0.218074 [opencl_load_program] loaded cached binary program from file '/Users/dominik/.cache/darktable/cached_kernels_for_Iris_12Feb52021214537/negadoctor.cl.bin' MD5: 'ca71adf3ce2f8814bd540260a12b8483'
0.218095 [opencl_load_program] successfully loaded program from '/Applications/darktable.app/Contents/Resources/share/darktable/kernels/negadoctor.cl' MD5: 'ca71adf3ce2f8814bd540260a12b8483'
0.218231 [opencl_build_program] successfully built program
0.218244 [opencl_build_program] BUILD STATUS: 0
0.218249 BUILD LOG:
0.218252
0.218294 [opencl_init] kernel loading time: 0.0216
0.218313 [opencl_init] OpenCL successfully initialized.
0.218316 [opencl_init] here are the internal numbers and names of OpenCL devices available to darktable:
0.218319 [opencl_init]      0   'Iris'
0.218322 [opencl_init] FINALLY: opencl is AVAILABLE on this system.

...

0.226421 [opencl_priorities] these are your device priorities:
0.226433 [opencl_priorities]        image   preview export  thumbs  preview2
0.226437 [opencl_priorities]        0   -1  0   0   0
0.226441 [opencl_priorities] show if opencl use is mandatory for a given pixelpipe:
0.226444 [opencl_priorities]        image   preview export  thumbs  preview2
0.226447 [opencl_priorities]        0   0   0   0   0
MStraeten commented 3 years ago

Ok the log indicates, you don’t have a dedicated gpu, so prioritization doesn’t help since there’s nothing to prioritize. Unless someone is able to debug and see, what exactly is buggy in the opencl implementation there won’t be a solution by developers - and unfortunately the opencl code is compiled at runtime and dependent of the drivers.
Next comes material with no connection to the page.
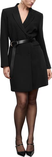 A longer length strikes a modern mood for a double-breasted blazer closed with covered buttons.
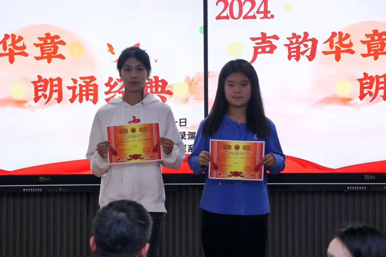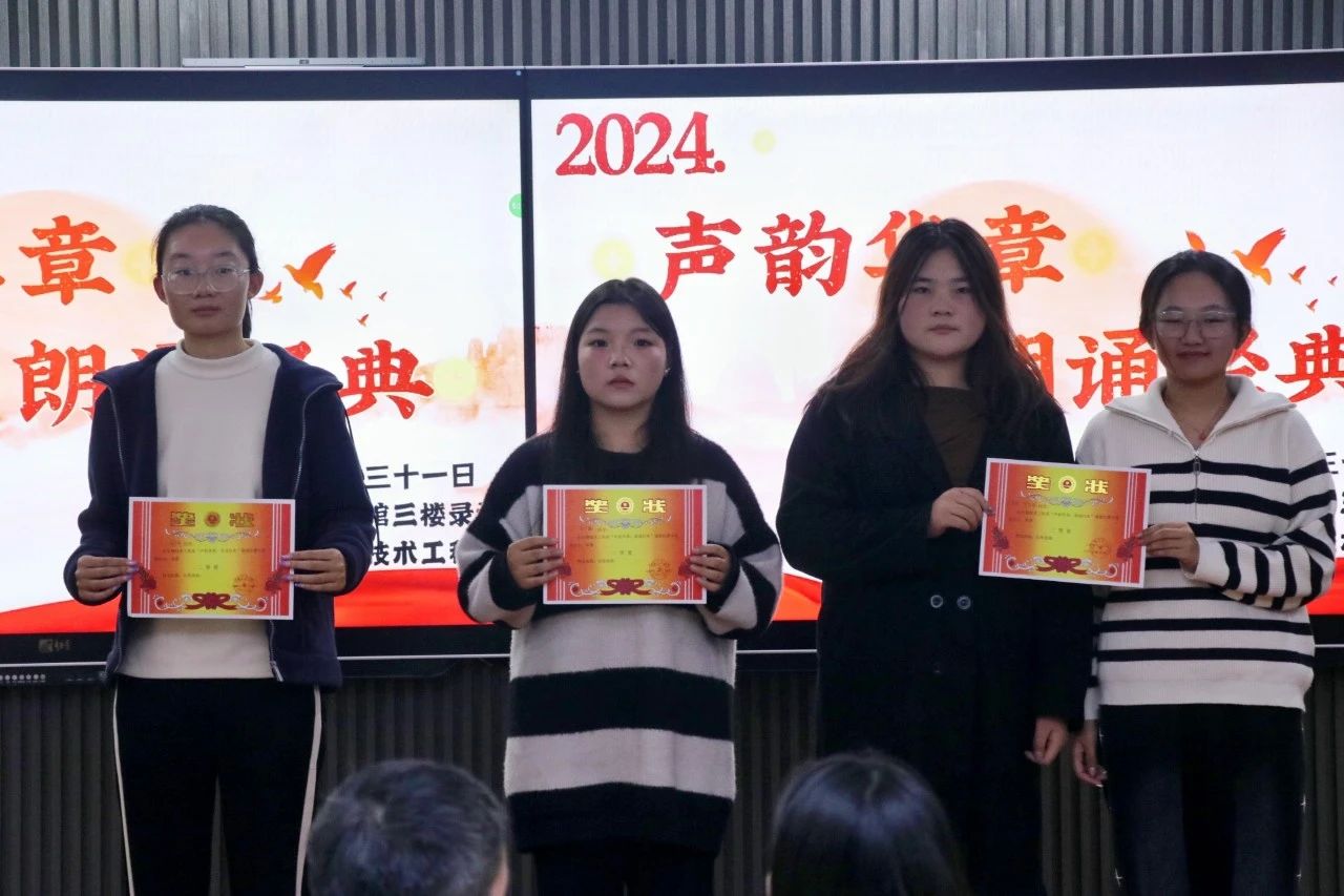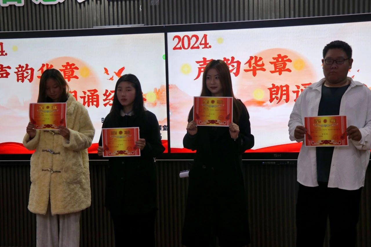 颁奖环节:经过激烈的角逐,评选出了本次朗诵活动的各个奖项。获奖同学分别上台领奖,现场响起了热烈的掌声。

github-actions[bot] commented 2 years ago

This issue did not get any activity in the past 60 days and will be closed in 365 days if no update occurs. Please check if the master branch has fixed it and report again or close the issue.

github-actions[bot] commented 1 year ago

This issue was closed because it has been stalled for 300 days with no activity. Please check if the newest release or nightly build has it fixed. Please, create a new issue if the issue is not fixed.